Lists: | pgsql-performance |
---|
From: | Sergey Burladyan <eshkinkot(at)gmail(dot)com> |
---|---|
To: | pgsql-performance(at)postgresql(dot)org |
Subject: | Why creating GIN table index is so slow than inserting data into empty table with the same index? |
Date: | 2009-03-24 00:59:34 |
Message-ID: | 874oxjrb0p.fsf@seb.progtech.ru |
Views: | Raw Message | Whole Thread | Download mbox | Resend email |
Lists: | pgsql-performance |
example:
select version();
version
--------------------------------------------------------------------------------------------
PostgreSQL 8.3.6 on i486-pc-linux-gnu, compiled by GCC gcc-4.3.real (Debian 4.3.3-3) 4.3.3
show maintenance_work_mem ;
maintenance_work_mem
----------------------
128MB
create table a (i1 int, i2 int, i3 int, i4 int, i5 int, i6 int);
insert into a select n, n, n, n, n, n from generate_series(1, 100000) as n;
INSERT 0 100000
Время: 570,110 мс
create index arr_gin on a using gin ( (array[i1, i2, i3, i4, i5, i6]) );
CREATE INDEX
Время: 203068,314 мс
truncate a;
drop index arr_gin ;
create index arr_gin on a using gin ( (array[i1, i2, i3, i4, i5, i6]) );
CREATE INDEX
Время: 3,246 мс
insert into a select n, n, n, n, n, n from generate_series(1, 100000) as n;
INSERT 0 100000
Время: 2405,481 мс
select pg_size_pretty(pg_total_relation_size('a')) as total,
pg_size_pretty(pg_relation_size('a')) as table;
total | table
---------+---------
9792 kB | 5096 kB
203068.314 ms VS 2405.481 ms, is this behaviour normal ?
Thanks !
--
Sergey Burladyan
From: | Tom Lane <tgl(at)sss(dot)pgh(dot)pa(dot)us> |
---|---|
To: | Sergey Burladyan <eshkinkot(at)gmail(dot)com> |
Cc: | Oleg Bartunov <oleg(at)sai(dot)msu(dot)su>, Teodor Sigaev <teodor(at)sigaev(dot)ru>, pgsql-performance(at)postgresql(dot)org |
Subject: | Re: Why creating GIN table index is so slow than inserting data into empty table with the same index? |
Date: | 2009-03-24 03:35:12 |
Message-ID: | 18581.1237865712@sss.pgh.pa.us |
Views: | Raw Message | Whole Thread | Download mbox | Resend email |
Lists: | pgsql-performance |
Sergey Burladyan <eshkinkot(at)gmail(dot)com> writes:
> show maintenance_work_mem ;
> maintenance_work_mem
> ----------------------
> 128MB
> create table a (i1 int, i2 int, i3 int, i4 int, i5 int, i6 int);
> insert into a select n, n, n, n, n, n from generate_series(1, 100000) as n;
> create index arr_gin on a using gin ( (array[i1, i2, i3, i4, i5, i6]) );
[ takes forever ]
Seems the reason this is so awful is that the incoming data is exactly
presorted, meaning that the tree structure that ginInsertEntry() is
trying to build degenerates to a linear list (ie, every new element
becomes the right child of the prior one). So the processing becomes
O(N^2) up till you reach maintenance_work_mem and flush the tree. With
a large setting for maintenance_work_mem it gets spectacularly slow.

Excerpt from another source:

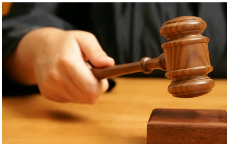
El juzgado le advierte a la Administración departamental se abstenga de negar el acceso a la información pública.

Se precisa que así las cosas, dado que la información solicitada debe ser expuesta de forma natural en las bases de datos de las entidades, no le asistía al ente territorial enjuiciado, negar el suministro de lo solicitado por el actor en su petición, máxime cuando la negativa no fue sustentada de manera adecuada, como quiera que además de la redacción indiscriminada de diferentes normas alusivas a la protección de la información y a reserva de la misma, la Gobernación de La Guajira no sustentó su decisión de acuerdo a las normas aplicables al caso y la jurisprudencia emitida por las altas Cortes.

I think a reasonable solution for this might be to keep an eye on
maxdepth and force a flush if that gets too large (more than a few
hundred, perhaps?). Something like this:
/* If we've maxed out our available memory, dump everything to the index */
+ /* Also dump if the tree seems to be getting too unbalanced */
- if (buildstate->accum.allocatedMemory >= maintenance_work_mem * 1024L)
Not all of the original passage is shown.